Excessive memory allocations and deallocations increase garbage collection pauses. Reusing objects via pools minimizes allocations. Efficient data layouts also improve cache utilization and access speeds.
Automating Testing
Automated testing enables rapid validation of new changes to prevent functionality and stability regressions. Unit tests exercise specific functions. Integration tests validate interactions between systems. UI tests confirm usability flows. Test automation spots issues early, reducing costs and time.
Implementing unit testing
Unit tests validate individual functions and classes by injecting inputs and checking outputs match expectations. Tests pinpoint where new changes break existing contracts early on.
For example, a damage calculation routine would test different attack values yield excepted health changes. Tests run automatically on code changes via frameworks like NUnit, bypassing manual verification.
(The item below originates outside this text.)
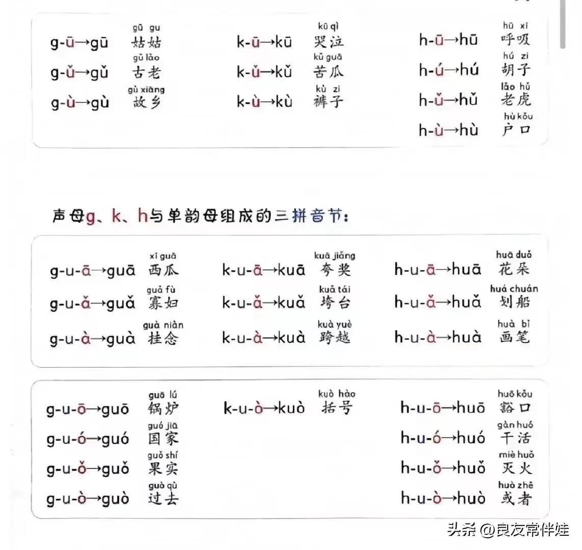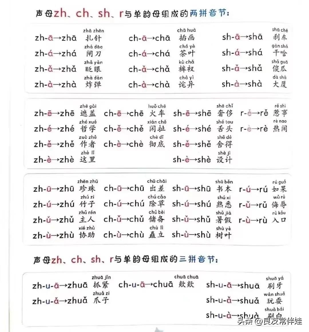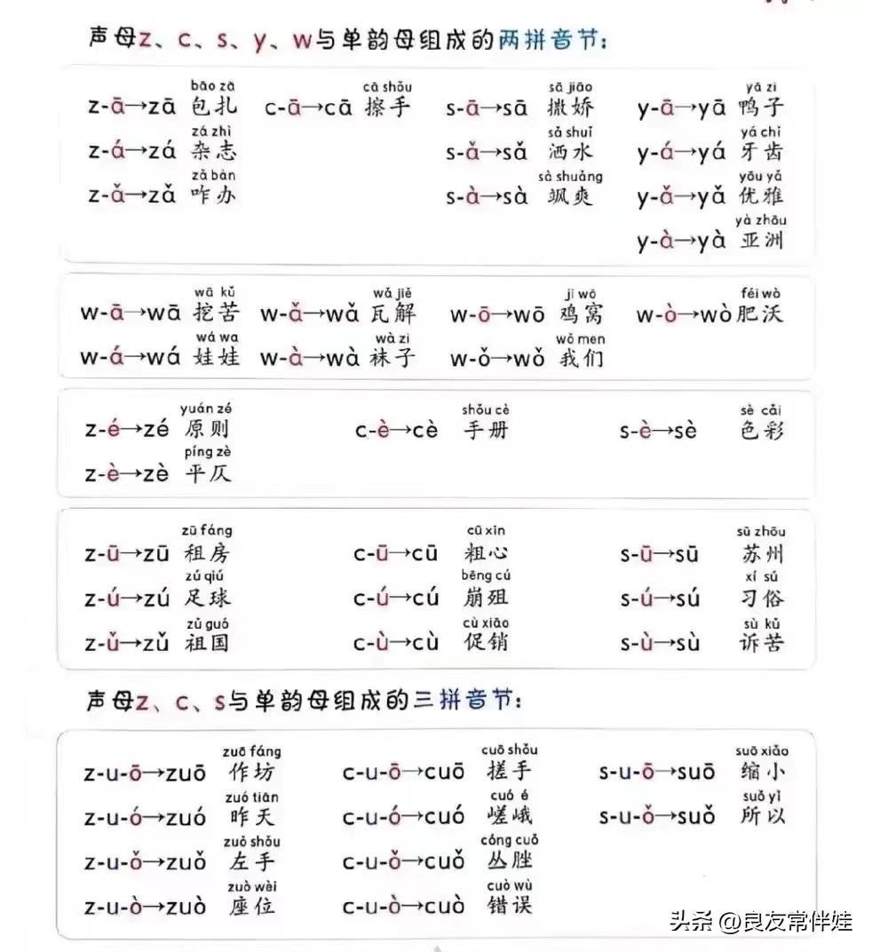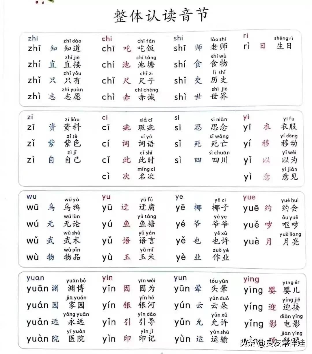很多孩子在进入一年级后会发现单个拼音字母都会读,但是把声母和带声调的韵母组合在一起却很难拼读成一个字(音),这是为什么呢?我们都知道,要学好拼音,一些基础的知识是必须掌握的。首先,音节是拼音的基本单位,而音节是由声母、韵母、声调组成。接着,要知道拼读(二拼三拼音节)的规则,标调(相应字母位置)规则及特殊音节(整体音节)。然后,要清楚知道拼写规则(变声、轻声)与规范。最后,一定要区分清楚相似声母韵母(b\d\p\q\ui-iu\ei-ie)读音与拼写,不能混淆。只有熟练掌握这些基础,那么学拼音拼读拼写就会容易很多了。建议家长收藏好,不然想用的时候再也找不到了,实实在在的干货,快打印给孩子多练练吧!

Enabling continuous integration
CI systems automatically build, test, analyze, and validate project health every time code gets checked in. Fast feedback speeds up fixing issues before functionality diverges significantly.
Services like Jenkins and Circle CI integrate with version control systems to drive automation. Code does not get merged until all tests pass, ensuring mainline stability. Engineers spend less time on ventures that end up getting scrapped.
Adding automated playtesting
Smoke tests drive game clients through key scenarios to validate responsiveness, stability, and correctness. Recording macro tools streamline authoring tests without manual scripting. AI agents can also drive procedural playthroughs.
For example, Perforce’s Perfecto offers test recording, replay, and analysis capabilities for mobile game test automation. Tests exercise journeys like tutorials, purchases, battles, and progression enabling regression detection.